[Recorded data]
####

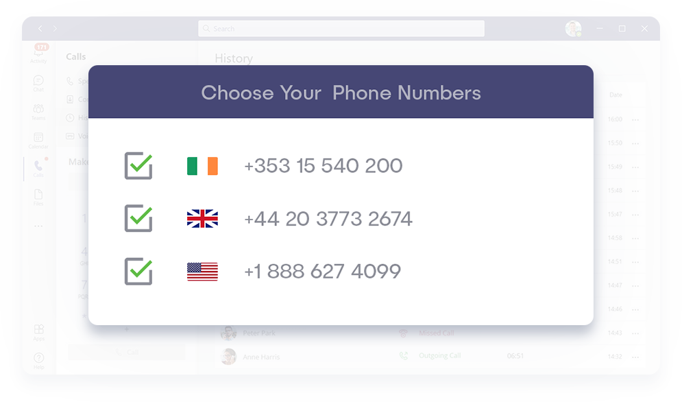 Port your existing numbers and use them in Microsoft Teams. You can also get new international numbers from 100+ countries.
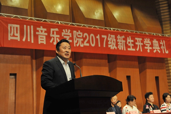 党委书记、院长林戈尔教授代表学校党委、行政及全体师生员工,向以优异成绩考入川音的新同学表示热烈的欢迎。他说,自1939年建校以来,伟德bv国际体育已经走过了近八十年的办学历程,成为了一所以音乐专业教育为主体,美术、舞蹈、戏剧、影视、传媒艺术、艺术学理论等专业教育综合协调发展的专业艺术院校。近年来,学校在科研、创作等方面成绩突出、获奖不断,其取得成果数量和等次处于国内艺术高校前列。从今天起同学们将成为“川音”历史的参与者、见证者和创造者。作为师长,林书记为即将开启人生新旅程的“川音新鲜人”提出了殷切期望:“做一名合格大学生的首要任务就是要转变观念、培养自学能力。同学们要尽快适应新的学习生活环境,转变学习观念,从高中阶段的‘学会’转变为大学阶段的‘会学’,珍惜好、利用好学校为你们提供的优质教学资源。其次,同学们在学习中应勇于创新,在大学阶段熔炼自己高尚的人格与坚毅的情操,将‘立德树人’作为自己学习生活的追求目标,树立正确的人生观、价值观,志存高远、砥砺奋进,做一个‘有信念、有梦想、有奋斗、有奉献’的大学生。作为一名大学生,同学们要确立自己的奋斗目标,自觉将个人理想与祖国需求、社会发展联系起来,将自己的学业、人生规划与社会文化艺术事业发展趋势紧密结合起来,运用专业技能来服务人民、回报社会。我愿意同全体教职工一起为你们的学习生活尽心竭力,提供优质高效、以人为本的教育服务。希望同学们在川音把追求艺术之美作为一种生活方式,在老师们的悉心教导下,奋力拼搏、刻苦钻研,培育高尚的人格,积淀丰厚的学养,捍卫艺术的尊严,创造属于自己的艺术人生,在不久的将来成为新思想、新知识、新技能的创造者、传播者和贡献者。”
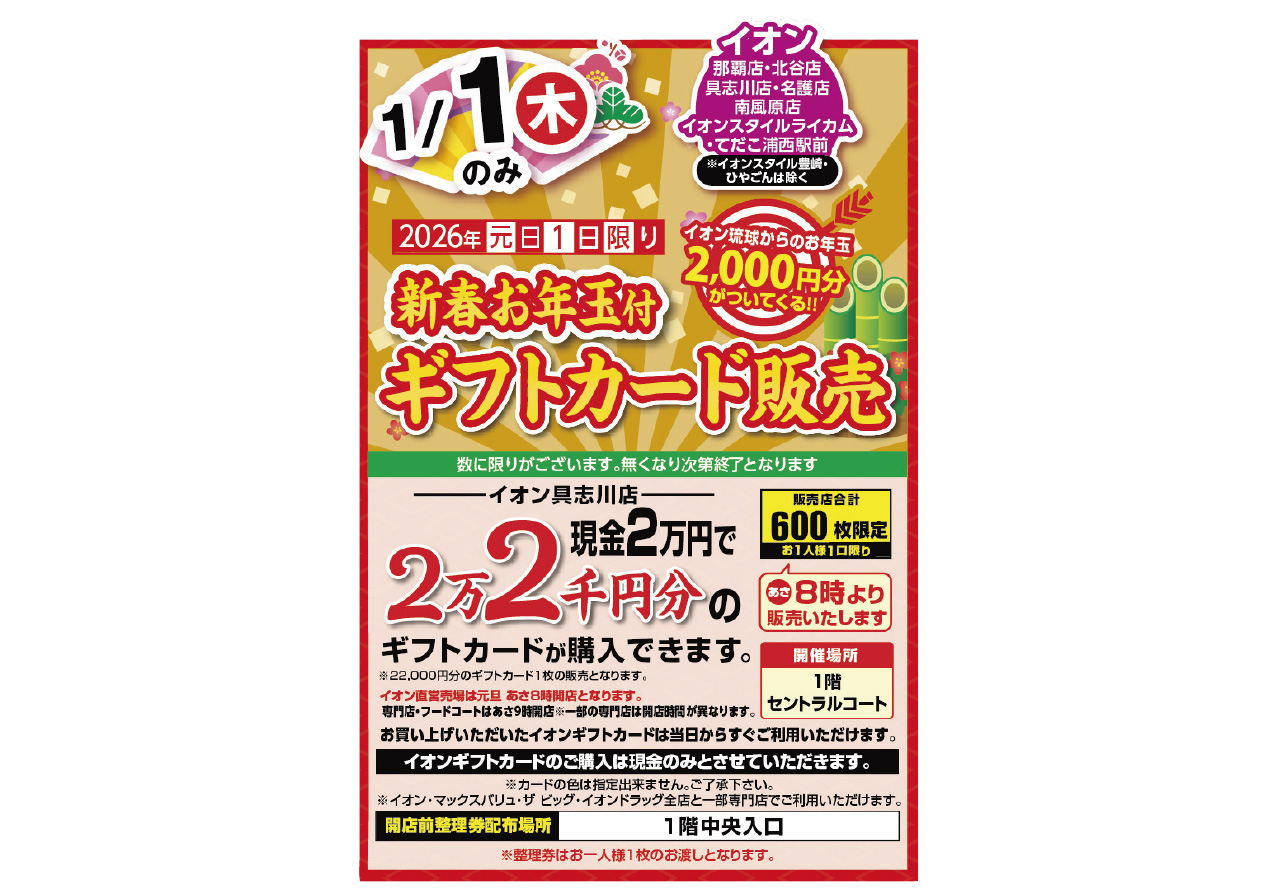 イベントの詳細新春お年玉付ギフトカード販売@具志川店【期間】
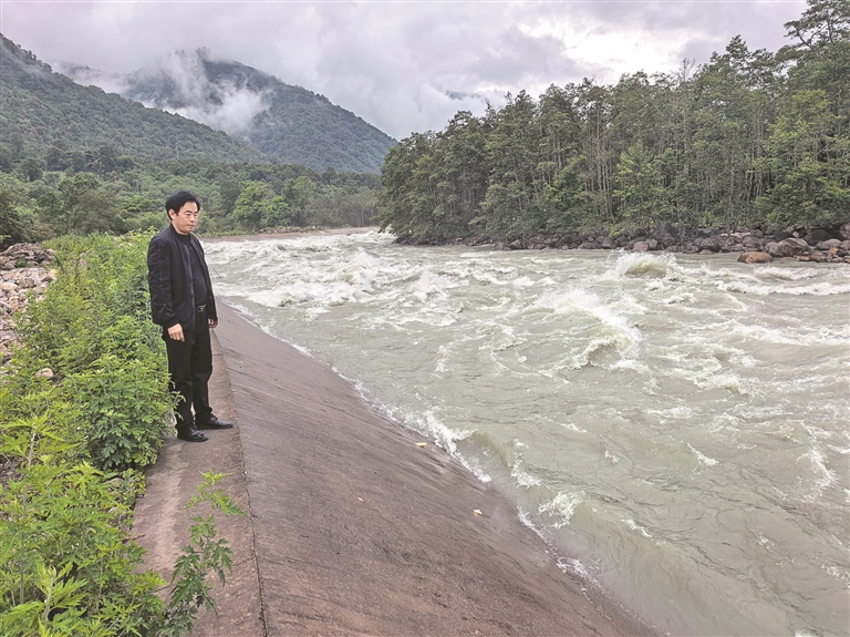 圖為林芝市墨脫縣格當(dāng)鄉(xiāng)的巡河隊(duì)員在巡查河流。記者 王敏 通訊員 郎玲 攝
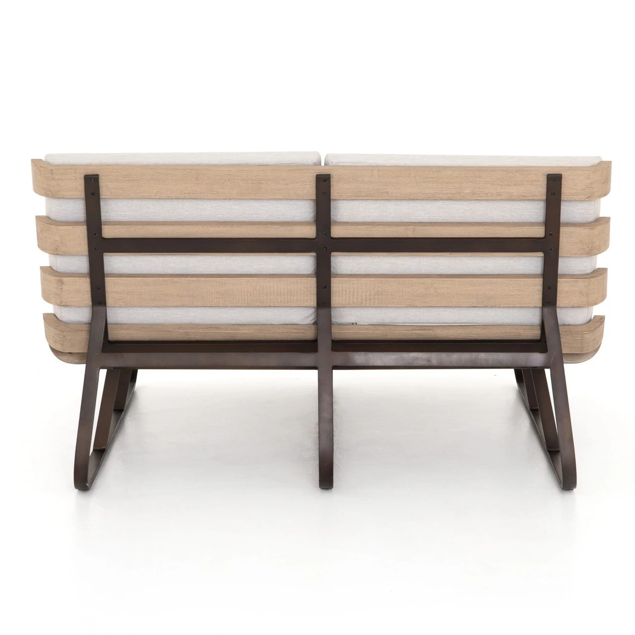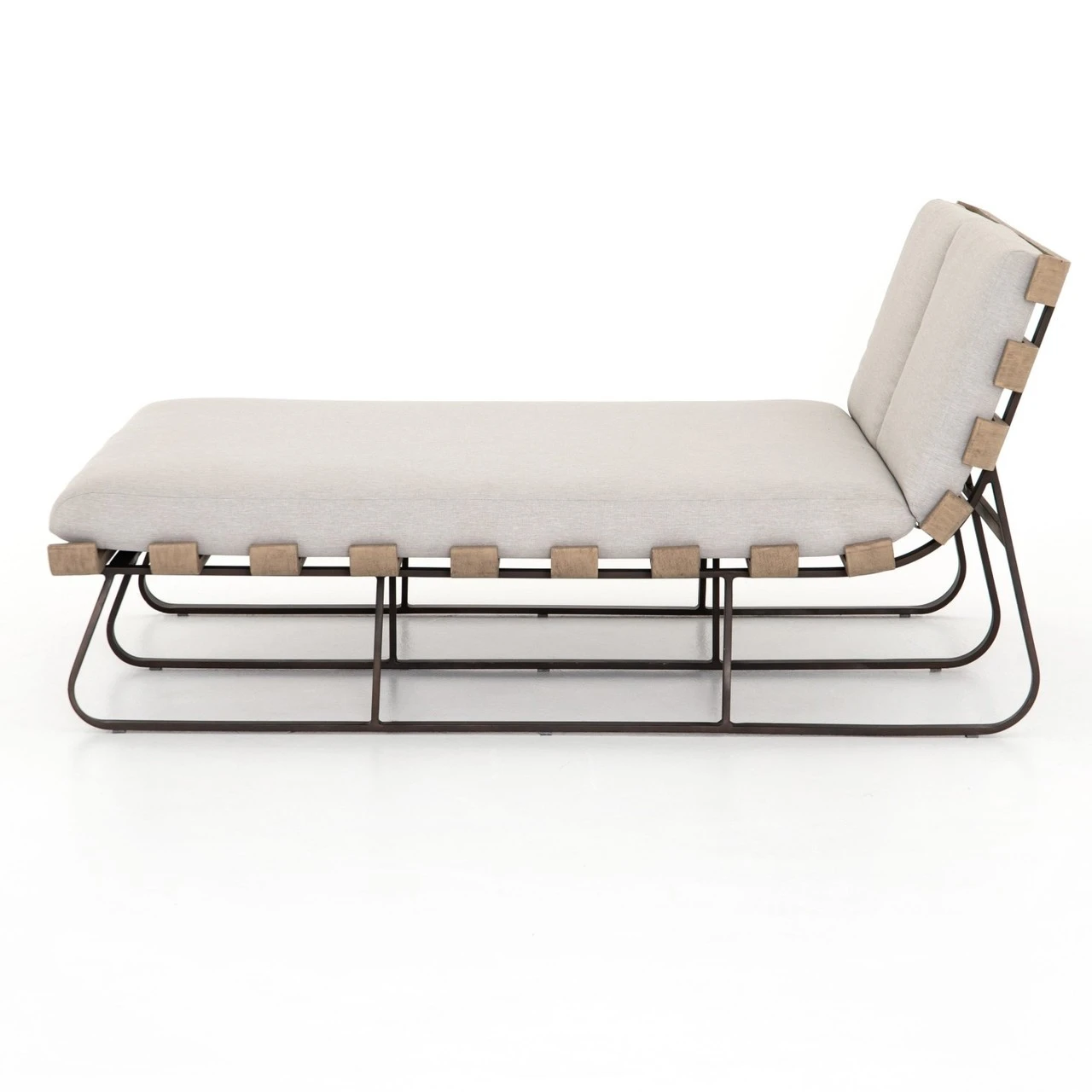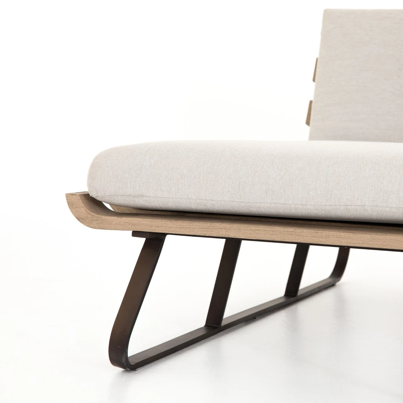 Crafted of washed brown finished teak wood frame, metal legs, curved and cushioned with UV-resistant and water-repellent weather-friendly stone grey color olefin fabric, this retro modern inspired armless outdoor double daybed lounger brings style and comfort to porches, decks and outdoor areas. This double chaise daybed is perfect for cuddling or laying out in pairs.

####

● Problem details: Take every entry and repeat it verbatim, minus the pictures.

● The completed task:
 Port your existing numbers and use them in Microsoft Teams. You can also get new international numbers from 100+ countries.
 党委书记、院长林戈尔教授代表学校党委、行政及全体师生员工,向以优异成绩考入川音的新同学表示热烈的欢迎。他说,自1939年建校以来,伟德bv国际体育已经走过了近八十年的办学历程,成为了一所以音乐专业教育为主体,美术、舞蹈、戏剧、影视、传媒艺术、艺术学理论等专业教育综合协调发展的专业艺术院校。近年来,学校在科研、创作等方面成绩突出、获奖不断,其取得成果数量和等次处于国内艺术高校前列。从今天起同学们将成为“川音”历史的参与者、见证者和创造者。作为师长,林书记为即将开启人生新旅程的“川音新鲜人”提出了殷切期望:“做一名合格大学生的首要任务就是要转变观念、培养自学能力。同学们要尽快适应新的学习生活环境,转变学习观念,从高中阶段的‘学会’转变为大学阶段的‘会学’,珍惜好、利用好学校为你们提供的优质教学资源。其次,同学们在学习中应勇于创新,在大学阶段熔炼自己高尚的人格与坚毅的情操,将‘立德树人’作为自己学习生活的追求目标,树立正确的人生观、价值观,志存高远、砥砺奋进,做一个‘有信念、有梦想、有奋斗、有奉献’的大学生。作为一名大学生,同学们要确立自己的奋斗目标,自觉将个人理想与祖国需求、社会发展联系起来,将自己的学业、人生规划与社会文化艺术事业发展趋势紧密结合起来,运用专业技能来服务人民、回报社会。我愿意同全体教职工一起为你们的学习生活尽心竭力,提供优质高效、以人为本的教育服务。希望同学们在川音把追求艺术之美作为一种生活方式,在老师们的悉心教导下,奋力拼搏、刻苦钻研,培育高尚的人格,积淀丰厚的学养,捍卫艺术的尊严,创造属于自己的艺术人生,在不久的将来成为新思想、新知识、新技能的创造者、传播者和贡献者。”
 イベントの詳細新春お年玉付ギフトカード販売@具志川店【期間】
 圖為林芝市墨脫縣格當(dāng)鄉(xiāng)的巡河隊(duì)員在巡查河流。記者 王敏 通訊員 郎玲 攝
 Crafted of washed brown finished teak wood frame, metal legs, curved and cushioned with UV-resistant and water-repellent weather-friendly stone grey color olefin fabric, this retro modern inspired armless outdoor double daybed lounger brings style and comfort to porches, decks and outdoor areas. This double chaise daybed is perfect for cuddling or laying out in pairs.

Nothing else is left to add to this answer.